The computer virus, aimed at the Natanz uranium enrichment facility, was   designed to damage centrifuges by making covert adjustments to the machines   controlling them.

It formed part of a “wave” of digital attacks on Iran codenamed “Olympic   Games” and was created with the assistance of a secret Israeli   intelligence unit, The New York Times said in a   report based on a book chronicling secret wars under the Obama   administration

The report confirms the suspicions   of computer security experts who detected and forensically examined   Stuxnet in 2010. They reasoned that the technical expertise and human   intelligence sources needed to create and deliver what was described as the “world’s   first cyberweapon” pointed to a joint operation by American and Israeli   agencies.

Such third parties reportedly discovered Stuxnet as the result of a “programming   error” that meant it spread beyond the computer network at Natanz.   According to the account, President Obama asked his national security   advisers whether the attack should be halted at a White House Situation Room   meeting convened days after the virus “escaped”, but decided to   intensify it instead.

It’s estimated that Stuxnet crippled around 1,000 of 5,000 Natanz centrifuges   by spinning them at damagingly high speeds.

“This is the first attack of a major nature in which a cyberattack was used to   effect physical destruction,” said Michael Hayden a former director of the   CIA and NSA, who did not reveal his own knowledge of “Olympic Games”.

Commentators suggested that confirmation of American involvement in Stuxnet   had been released by others to neutralise any Republican election claims   that President Obama has been soft on Iran.

“Obama wanted to get credit for Stuxnet, as that makes him look tough   against Iran,” said Mikko Hypponen, chief research officer at F-Secure,   one of the security firms that have investigated Stuxnet.
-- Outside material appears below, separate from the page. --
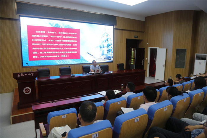 校黨委委員、副校長王躍(yuè)兵從深入學習領會(huì)習近(jìn)平總書記關(guān)於黨的曆史的重要論述,充分認(rèn)識開展黨史學習教育的重大意義;認真研讀黨史基本著作,全(quán)麵了解中國共產黨百年奮鬥的光(guāng)輝(huī)曆程和曆(lì)史性貢獻;深刻把握開展(zhǎn)黨史學習教育的(de)重點;開展(zhǎn)黨史學習教育,要學懂弄(nòng)通做實習近平新時(shí)代中國特色社會主(zhǔ)義思想,增強“四個意(yì)識(shí)”、堅(jiān)定“四個自信”、做到“兩個維護(hù)”等四個(gè)方麵,為大家做黨史學習教育專題宣(xuān)講。

The first stage of the attack, a “beacon” designed to report back   details of systems at Natanz to the National Security Agency, America’s   electronic intelligence agency, was however mounted speculatively under the   Bush administration, according to unnamed officials.

Confirmation of American involvement in Stuxnet comes as computer security   experts begin to unpick an even more complicated virus, Flame, which was   detected last month and also appears to target Iran. It is written for   espionage rather than sabotage, but like Stuxnet is passed from computer to   computer by USB thumb drives, a design feature apparently meant to limit its   spread and so reduce its risk of detection.

Getting Stuxnet into Natanz therefore required a worker at the plant to carry   it in on a USB thumb drive.

“That was our holy grail,” one of the architects of the plan told   David E Sanger, the author of the new book, Confront and Conceal: Obama’s   Secret Wars and Surprising Use of American Power.

“It turns out there is always an idiot around who doesn’t think much   about the thumb drive in their hand.”

The same officials declined to say whether the United States was involved in   the Flame attack, which appears to have begun five years ago, although they   did say it was not part of the “Olympic Games” programme.